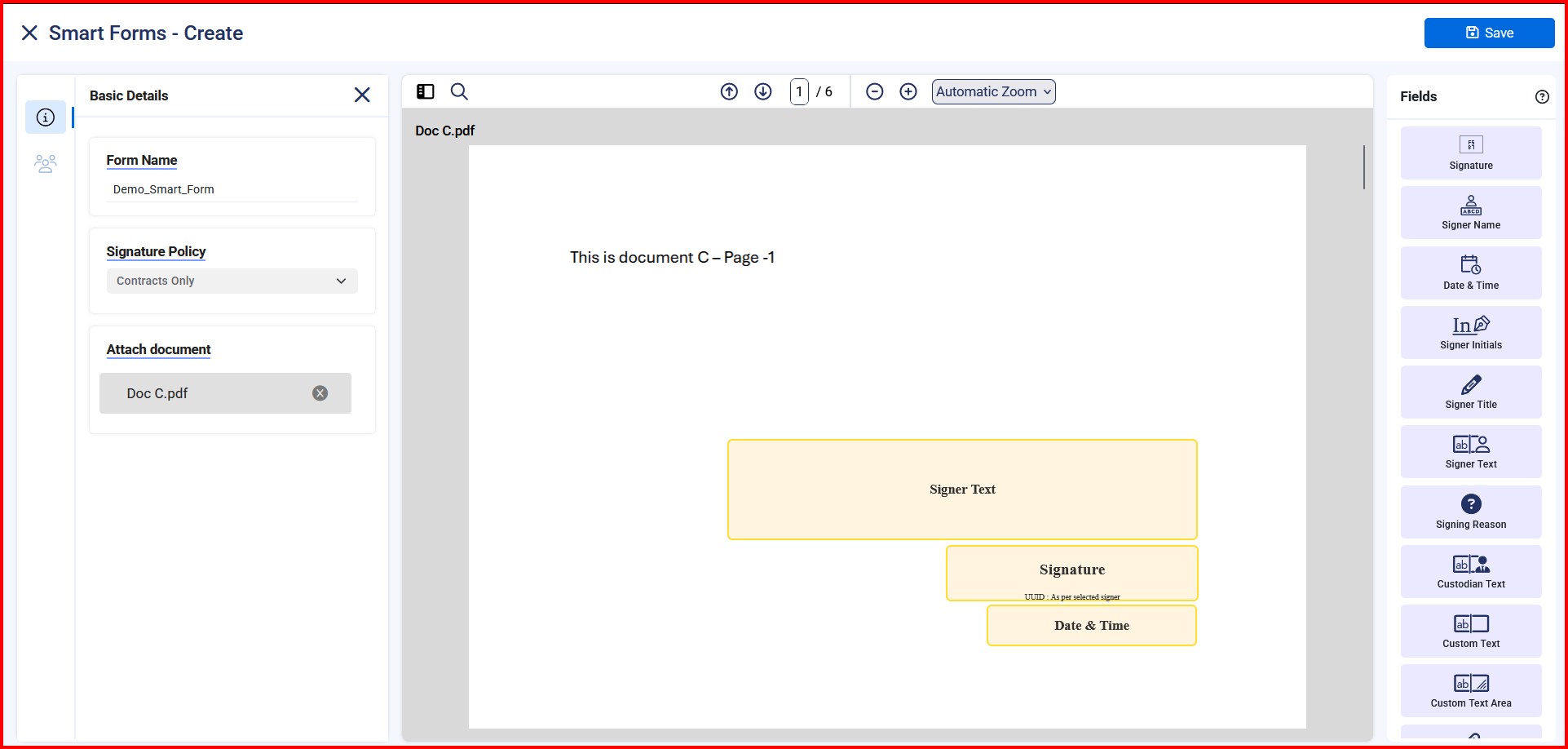 After uploading the document, users will be able to drop the tags and the signing policy will be selected as Contracts Only by default. Users will be able to see the previously created and the newly created forms. They can also view, edit, and delete the existing document present inside the form.
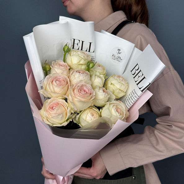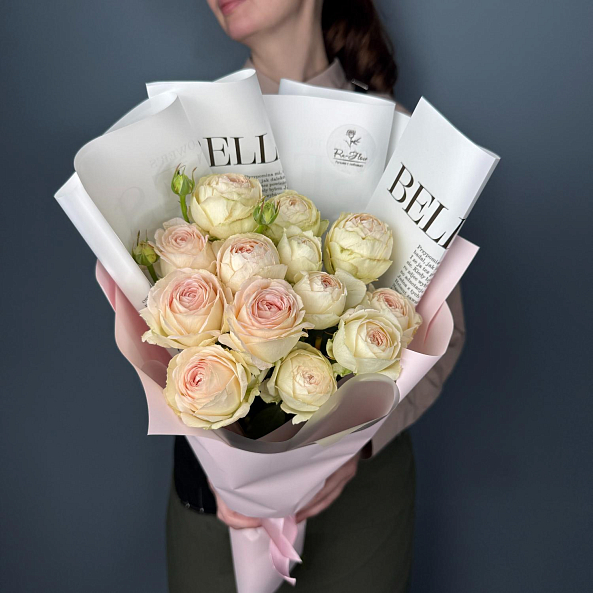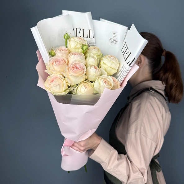 Минималистичный, но очень нежный букет из трёх кустовых пионовидных роз с кремово-розовым оттенком. Идеален для первого признания, дружеского подарка или просто чтобы сказать: «Ты — моя сладкая нежность». Лёгкий, воздушный, с ноткой романтики — как первый поцелуй на закате.
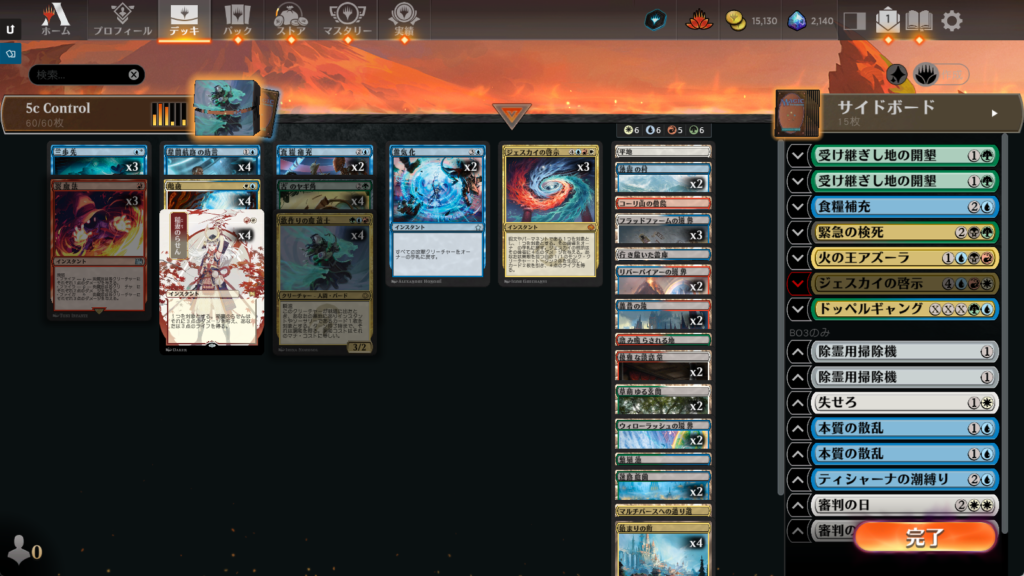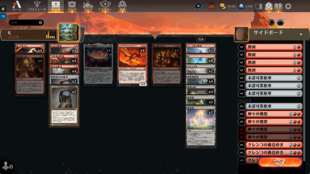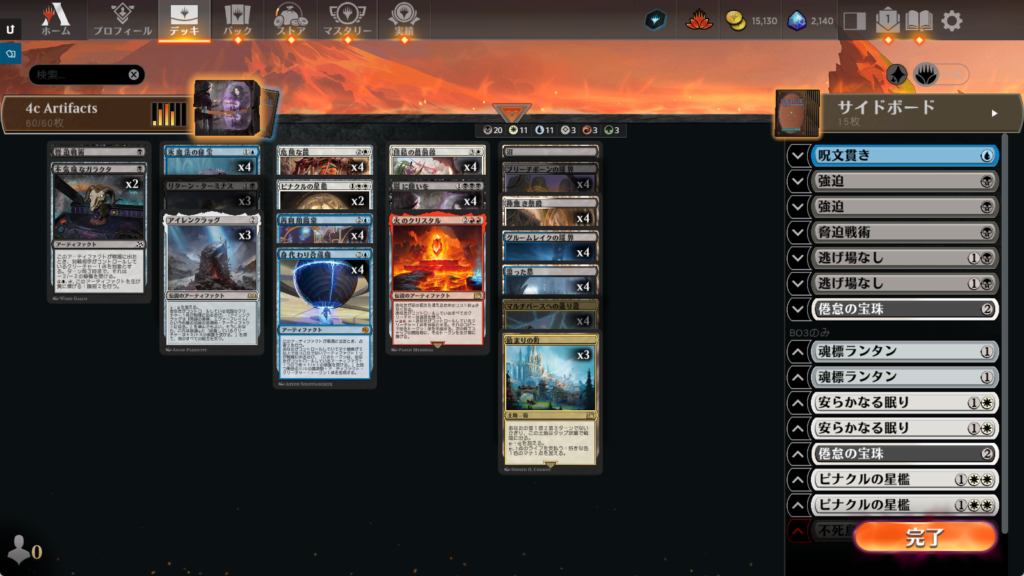 広大なカードプールのおかげで土地基盤が非常に安定している点。さらにアグロ対策がメインから厚めに取られており、環境の高速デッキに対しても実戦的に戦える調整になっています。
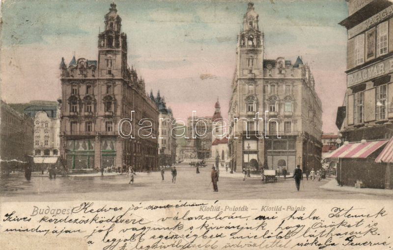 Beschreibung: Budapest V. Klotild paloták az épülő Erzsébet híddal (b)
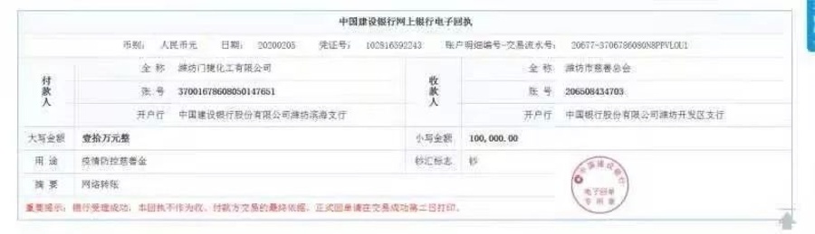社潍坊市高新支社原主委王兵等联合创办的山东绿创碧园生物科技有限公司,从1月31日开始,免费向社会捐赠自主研发的新型消毒液,已累计20吨,价值4万元。
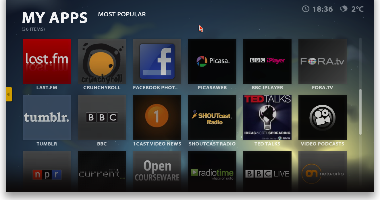Despite the lack of online content in the TV section there is a vast array of applications that can be installed to help. Similar to Plex you can access iPlayer, Revision 3, Wired and a whole host of other internet based TV and video. There’s also some great photoblogs like The Big Picture which looks great on a large screen.
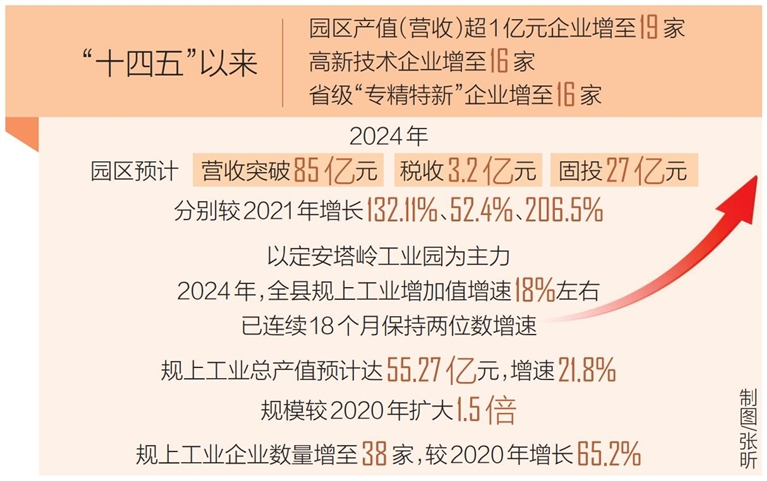 据统计,“十四五”以来,园区产值(营收)超1亿元企业增至19家,高新技术企业增至16家,省级“专精特新”企业增至16家。2024年,园区预计营收突破85亿元,税收3.2亿元,固投27亿元,分别较2021年增长132.11%、52.4%、206.5%。

-=-=-

Starting at the line that contains "Despite the lack", output every line through the end of the data, both ends included, and nothing else; pictures stay out.

Despite the lack of online content in the TV section there is a vast array of applications that can be installed to help. Similar to Plex you can access iPlayer, Revision 3, Wired and a whole host of other internet based TV and video. There’s also some great photoblogs like The Big Picture which looks great on a large screen.
 据统计,“十四五”以来,园区产值(营收)超1亿元企业增至19家,高新技术企业增至16家,省级“专精特新”企业增至16家。2024年,园区预计营收突破85亿元,税收3.2亿元,固投27亿元,分别较2021年增长132.11%、52.4%、206.5%。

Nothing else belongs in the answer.